Sure, it sounds like a paradox.  The environmental movement has done a lot of good for the planet and for pollution.  But in the face of the greatest environmental threat of our time, the movement may be fundamentally ill-suited to tackle the climate crisis.

For most of its history, environmentalism has essentially been about stopping things, or at least slowing them down.  Whether it’s sprawling subdivisions, industrial development on sensitive habitat lands, or factories spewing pollution, environmentalists have mobilized support to prevent these projects from happening, or at least make them more efficient and therefore more expensive (think scrubbers on smokestacks or building efficiency codes).  The successes are undeniable: significantly cleaner air and water and the prevention of some environmentally destructive projects.

But when it comes to fighting climate change, a movement designed to stopping things is counter-productive.  We need the opposite dynamic, because our task now is to build our way toward reducing greenhouse gas emissions.  That means building a significant amount of new housing, services, and job centers in urbanized areas near transit; building renewable energy facilities both locally and in rural regions; building new rail and busways through developed cities and towns; and fostering a regulatory environment where innovation in clean technologies can take place without years of delay and uncertainty brought on by often well-intentioned environmental laws.

Unfortunately, the broader environmental movement has helped to stymie each of these efforts.  Whether it’s resistance to loosening environmental review and land use requirements in infill areas, Clean Air Act impediments to on-farm renewables, or permitting processes for renewable energy projects, the movement has been schizophrenic at best, counter-productive at worst.

To be sure, there are many environmental advocates and groups that are deeply committed to building these kinds of projects.  And there are often reasonable disputes involving alternatives and opportunities for local mitigation.  But the movement is organizationally and culturally built on an agenda of local resistance to building things.  As a result, environmentalists have largely failed to articulate a compelling, progressive agenda for fighting climate change.  While we see bits and pieces, such as local visions for infill development and reports on clean and local energy systems for select cities, as a whole, the movement lacks leadership and vision to make a case to the public about what needs to be done to dramatically reduce our carbon footprint.

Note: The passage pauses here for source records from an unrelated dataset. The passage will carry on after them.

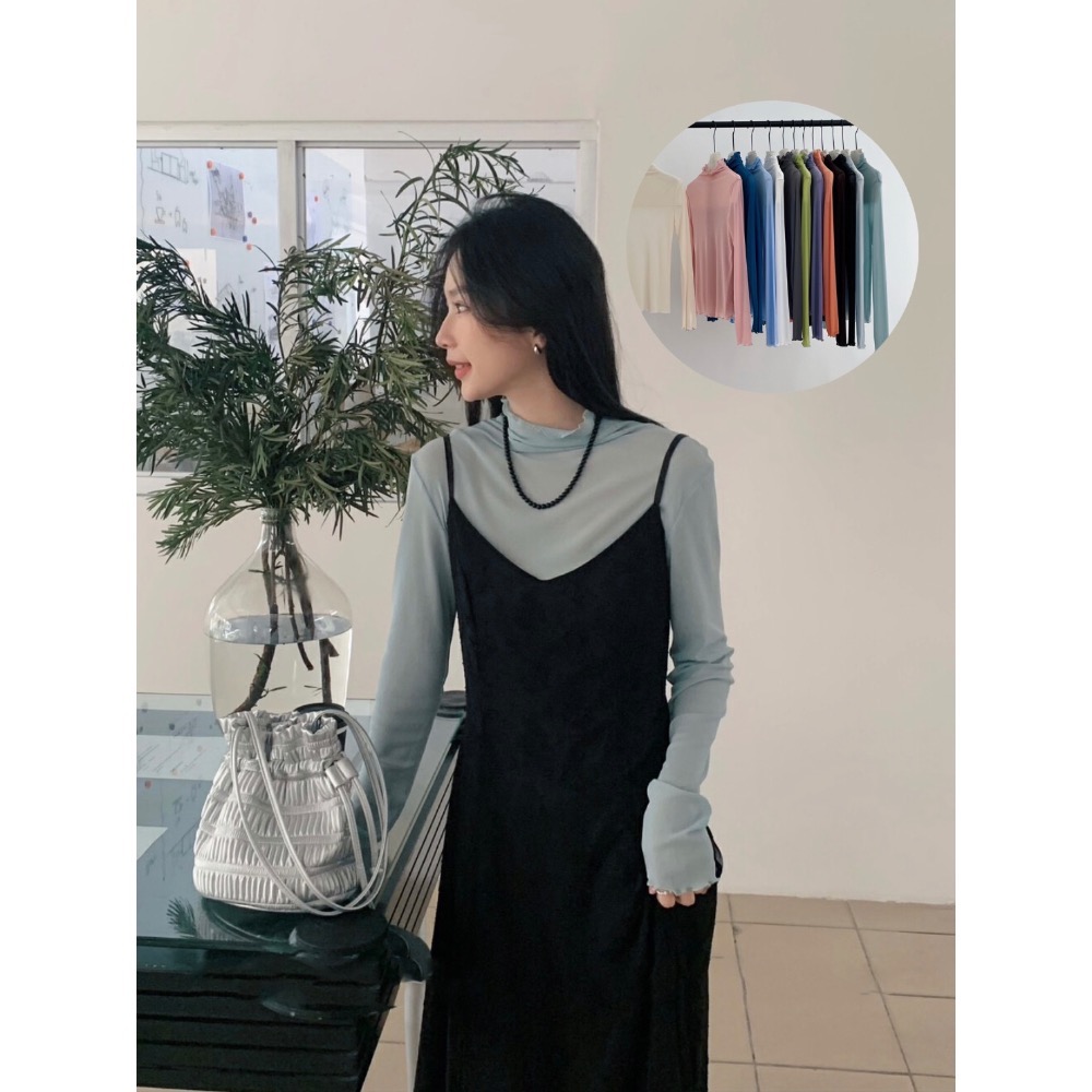 台中現貨⚡️韓系春夏必搭 彈性 超多色木耳邊堆堆領網紗長袖薄款上衣修身顯瘦打底衫
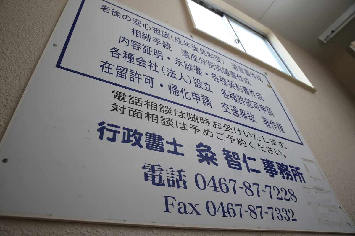 専門家の仕事の区分は決まっている。行政書士というのは名前の通り行政へ提出す る書類を作成することが主たる仕事だ。粂は言う。
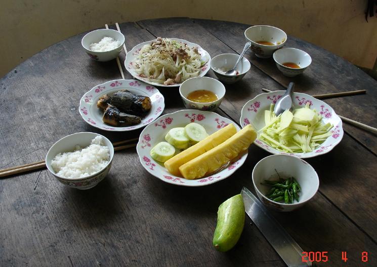 Vì lưỡi câu không có ngạnh, khi cá bị dính và vụt lên, cá liền văng ra phía sau. Mẹ tôi cứ tiếp tục vụt, những con cá bạc lấp lánh cứ tiếp tục bay lên và anh em tôi chạy lăng xăng, rối rít bắt cá bỏ vào thau nước. Tuổi thơ chúng tôi rộn ràng trong những ngày vui như hội. Trưa hôm đó mẹ tôi làm món cá lòng tong xào dấm. Mẹ tôi sai tôi ra vườn bẻ mớ rau, chính yếu là rau cải trời, rau ngò gai, rau húng. Những thứ nầy mọc sau vườn lẫn trong cỏ và nhiều như cỏ. Cắt thêm vài cọng hẹ là xong.
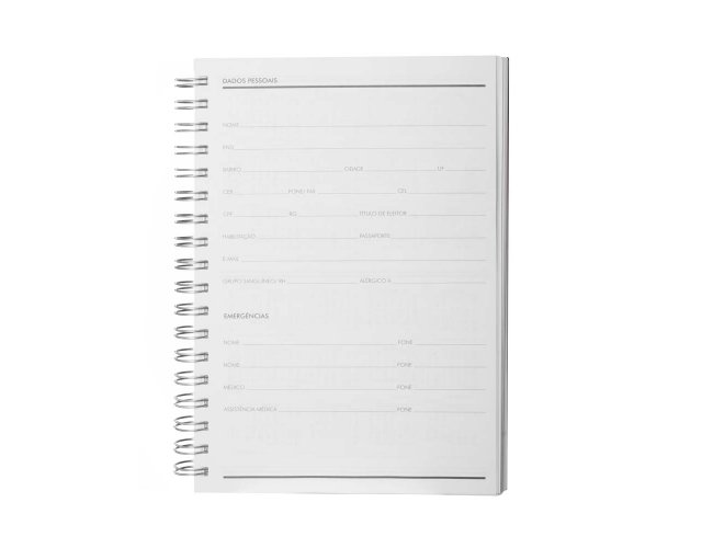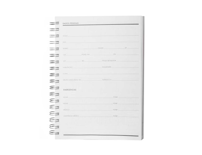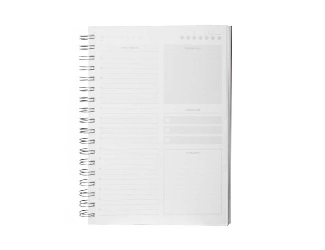 Caderno planner com capa rígida em PU de 2mm em formato espiral. Contém 90 folhas brancas de 95g/m². Folhas estruturadas em formato de planner para anotações e gestão da rotina.
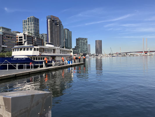 Unser erster Ausflug heute ging mit der Strassenbahn von der anderen Uferseite vom Zentralbahnhof Flinders St Station zu den Docklands und
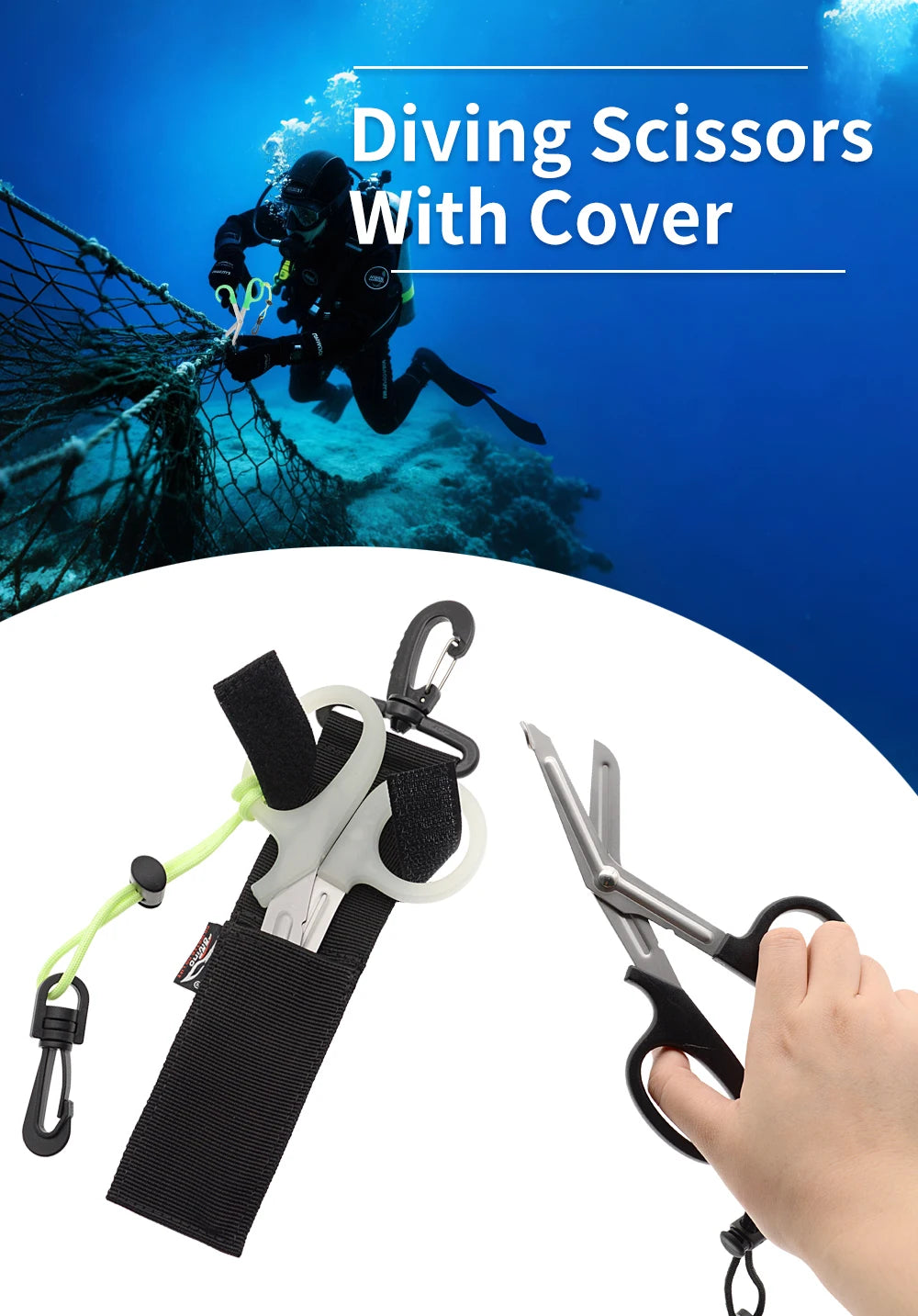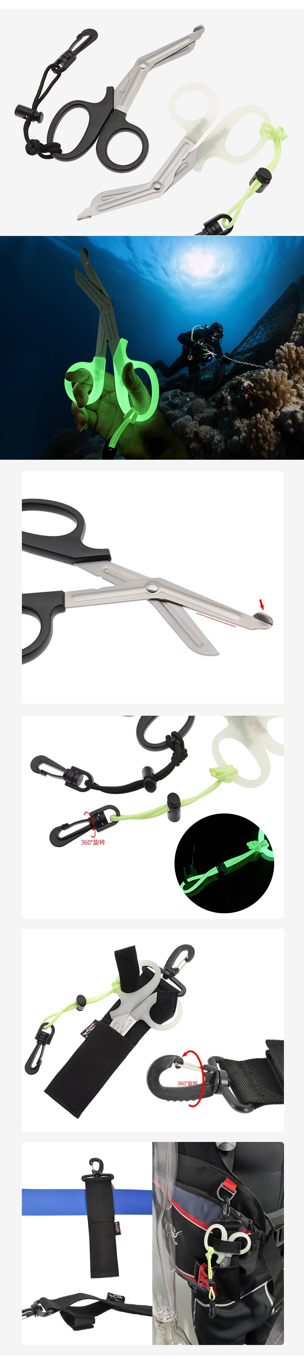 Sicurezza in Condizioni Estreme: Il manico luminoso (nella versione bianca) assorbe la luce e brilla nel buio. Questo ti permette di individuare e afferrare le forbici in un attimo, anche in condizioni di scarsa visibilità o durante le immersioni notturne.

Ironically, in this leadership void, members of the business community have now become some of the leading voices for fighting climate change.  Infill real estate developers, clean tech innovators and installers, and even car companies are now doing more to advance a low-carbon agenda than many environmentalists.  In some cases, you’re more likely to see climate change leadership from Silicon Valley venture capitalists then you are from some of our most respected environmental institutions.

 

Perhaps this outcome is not terrible.  After all, the case for fighting climate change is about economic growth: doing more with fewer resources and developing and harnessing our local, sustainable resources.

But businesses will tend to push their narrow economic agenda.  We still need environmental leaders who can make the case to the public and to decision-makers that there is a positive, over-arching vision for fighting climate change.  We can provide citizens with better and more convenient housing options, we can end our dependence on large electric utilities and oil and gas companies and instead spend that money locally, we can clean our air and water and stop wasting finite resources, and we can feel positive about the prospects for preserving our standard of living for future generations.

But to make these arguments, the environmental movement may need to eat some sacred cows.  Individuals may need to make sacrifices about the kind of projects that get built in their community, whether it’s a wind turbine, a new bus or railway, or a multifamily housing unit.  We may need to pay more upfront to modernize our electric grid and invest in new technologies.  But at the end of the day, we – and the planet – will be better for it.  It’s time the environmental movement made that case.